What is expected: Print nothing except the line holding "忠仑社区核酸检测点不大 仅设置了两台检测台 主要承担周边安置房社区" and the lines that come after it in the material below, and leave the pictures out.

(Information shown)

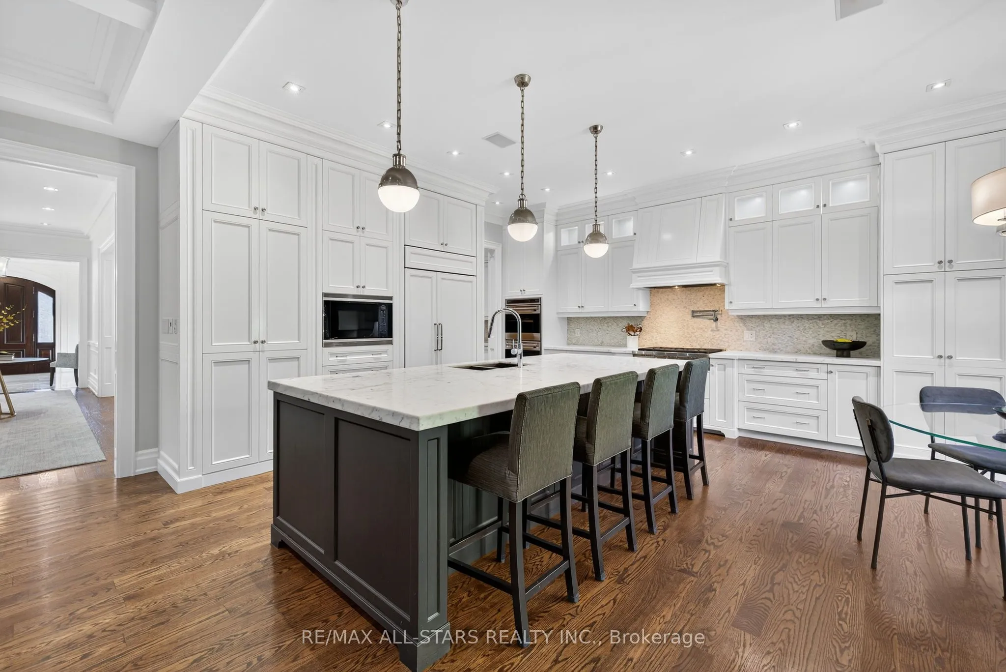 *See video tour! Welcome to this one-of-a-kind, custom-built luxury residence on a prestigious street in the Aurora Village. Nestled on a 54 x 199.5 ft. professionally landscaped lot, this immaculate home showcases over 6,000 sq. ft. of finished living space, with no detail overlooked and pride of ownership throughout.The elegant main floor features 10-ft ceilings, custom wainscoting and moldings, solid wood doors and built-ins. Enjoy formal living and dining rooms, a private office, large family room and chefs kitchen complete with Wolf & Sub Zero appliances, dumb waiter to the garage, marble counters, and a walk-in pantry. From the main floor walk out to a screened-in porch overlooking the backyard oasis with a heated in-ground pool, hot tub, bbq table with wood oven and grill, cabana with seating area, servery and a 2-pc bath. The home’s second floor boasts tray ceilings in all bedrooms and a gorgeous primary suite with a gas fireplace, terrace walk-out, and spa-like 6-pc ensuite. The lower level offers hydronic heated floors, a prep kitchen, a spacious rec room, and a walk-out to the backyard.Additional highlights include: four-car tandem heated garage, snowmelt driveway, electric heated floors in bathrooms and foyer, four fireplaces, custom built-ins, 230+ potlights, 2 x furnace, 2 x AC, 2 x HRV and Generac generator. No disappointments here! See attached feature sheet for full list of impressive features.
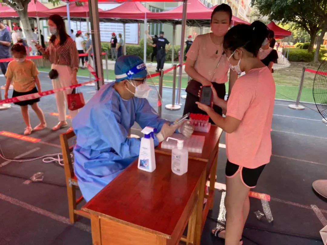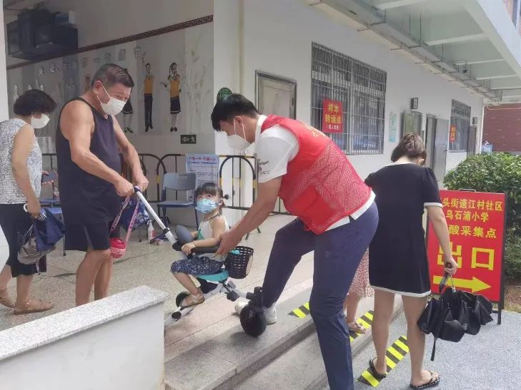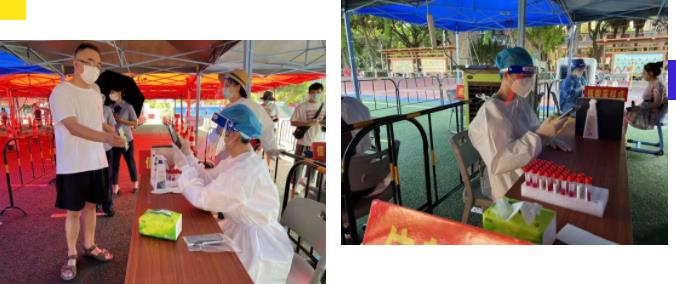 考虑到部分同事住在岛外,早上赶来担任志愿者交通不便,黄聪辉在排班时就主动要求排每天的第一班岗,他自己打趣道,“我黑我先上!”中午轮岗换班后,他回到休息室里第一件事就是帮其他志愿者们领好午饭,让大家能第一时间吃上热饭。午间的太阳更加毒辣,黄聪辉匆匆扒完午饭,就要求轮岗。 派驻第三纪检监察组工作人员黄聪辉:天气太热了,我早点上岗,其他志愿者就能早点吃饭休息下! 特写二 打造群众身边的“健康便利店” 杜军,是区委巡察办下沉到忠仑社区的志愿者,杜军在忠仑核酸检测点“既督又战”,负责协助指导检测点位的工作:“既要服务群众,也要协调推动解决困难,为基层减轻负担。” 忠仑社区核酸检测点不大 仅设置了两台检测台 主要承担周边安置房社区 1400多名居民的核酸检测任务 但近几日的检测量超出一倍多 达到3700人次左右 单台检测率全区领先。 工作量大,天气炎热,老人小孩居多 核酸点较小也不能专门设置绿色通道 考虑到这些情况,杜军在核酸点设置初期就“未雨绸缪”提出了改进措施,提前引导群众、优化采样流程、加快人员放行,让检测点位的“翻台率”高起来,也避免了长时间排队引发的人员聚集风险。 第一天开展核酸 杜军发现群众排队区域中午时段太阳直晒 温度过高,他立刻与街道、社区协商 紧急增加3台大电扇、4台降温机 加放冰块、扩装防晒网…… 各种降温“妙招” 为在场等候检测的居民群众送去凉意
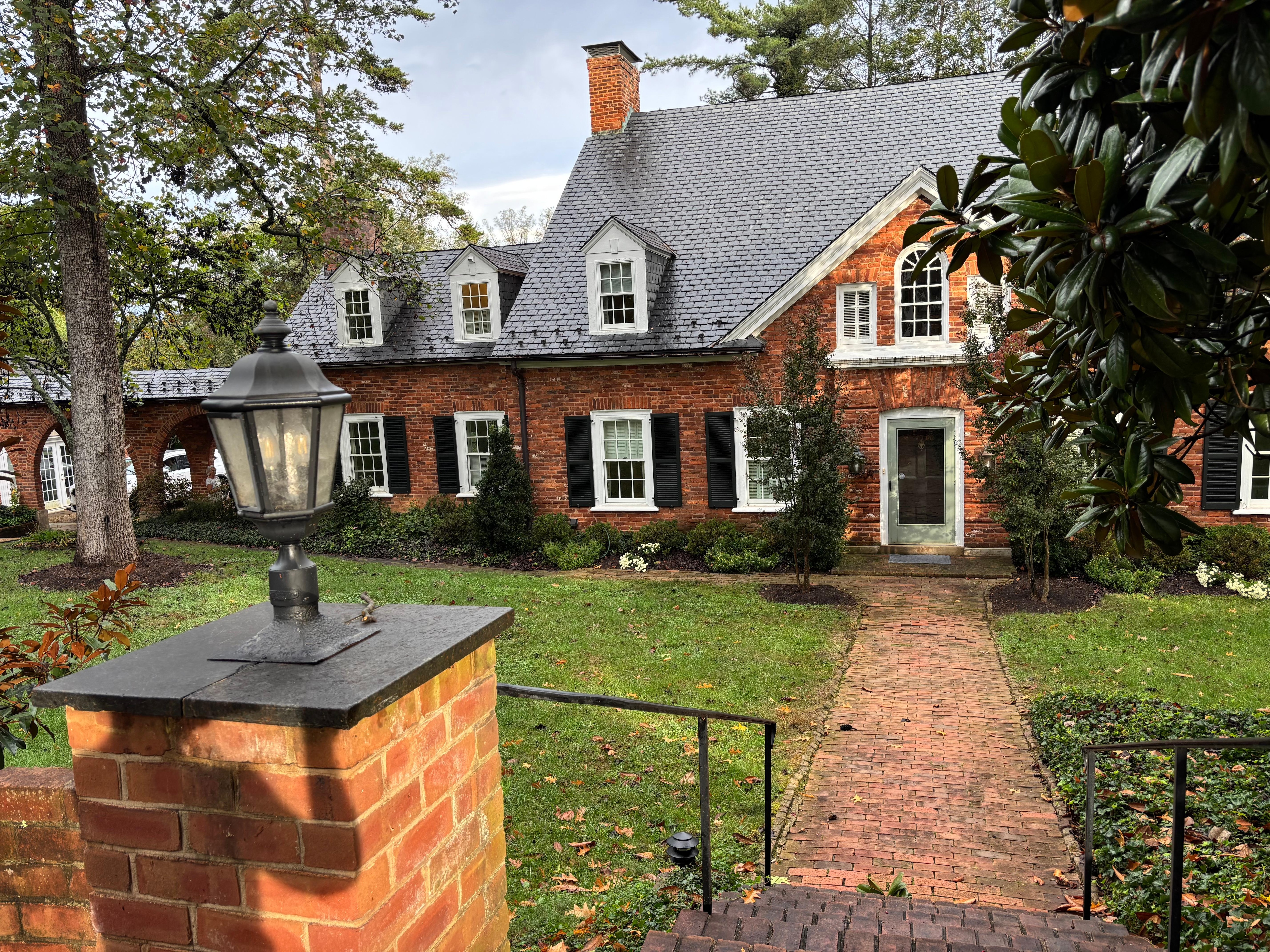 This classic UVA area home is located in an upscale neighborhood close to Grounds. This 5 bedroom, 4.5 bathroom home, complete with Jeffersonian details such as a serpentine wall and Palladian windows, stretches across a large corner lot. Upon entering the house, the living room opens up with access to the dining room and the large brick patio. The kitchen is connected to the dining room with access to one of the parking areas. Walking to the northern side of the home, there is a half bath and a private study. Down the hall, the bedroom on the main level has a king bed and its own en suite bathroom.

(End Information shown)

Your response:
 考虑到部分同事住在岛外,早上赶来担任志愿者交通不便,黄聪辉在排班时就主动要求排每天的第一班岗,他自己打趣道,“我黑我先上!”中午轮岗换班后,他回到休息室里第一件事就是帮其他志愿者们领好午饭,让大家能第一时间吃上热饭。午间的太阳更加毒辣,黄聪辉匆匆扒完午饭,就要求轮岗。 派驻第三纪检监察组工作人员黄聪辉:天气太热了,我早点上岗,其他志愿者就能早点吃饭休息下! 特写二 打造群众身边的“健康便利店” 杜军,是区委巡察办下沉到忠仑社区的志愿者,杜军在忠仑核酸检测点“既督又战”,负责协助指导检测点位的工作:“既要服务群众,也要协调推动解决困难,为基层减轻负担。” 忠仑社区核酸检测点不大 仅设置了两台检测台 主要承担周边安置房社区 1400多名居民的核酸检测任务 但近几日的检测量超出一倍多 达到3700人次左右 单台检测率全区领先。 工作量大,天气炎热,老人小孩居多 核酸点较小也不能专门设置绿色通道 考虑到这些情况,杜军在核酸点设置初期就“未雨绸缪”提出了改进措施,提前引导群众、优化采样流程、加快人员放行,让检测点位的“翻台率”高起来,也避免了长时间排队引发的人员聚集风险。 第一天开展核酸 杜军发现群众排队区域中午时段太阳直晒 温度过高,他立刻与街道、社区协商 紧急增加3台大电扇、4台降温机 加放冰块、扩装防晒网…… 各种降温“妙招” 为在场等候检测的居民群众送去凉意
 This classic UVA area home is located in an upscale neighborhood close to Grounds. This 5 bedroom, 4.5 bathroom home, complete with Jeffersonian details such as a serpentine wall and Palladian windows, stretches across a large corner lot. Upon entering the house, the living room opens up with access to the dining room and the large brick patio. The kitchen is connected to the dining room with access to one of the parking areas. Walking to the northern side of the home, there is a half bath and a private study. Down the hall, the bedroom on the main level has a king bed and its own en suite bathroom.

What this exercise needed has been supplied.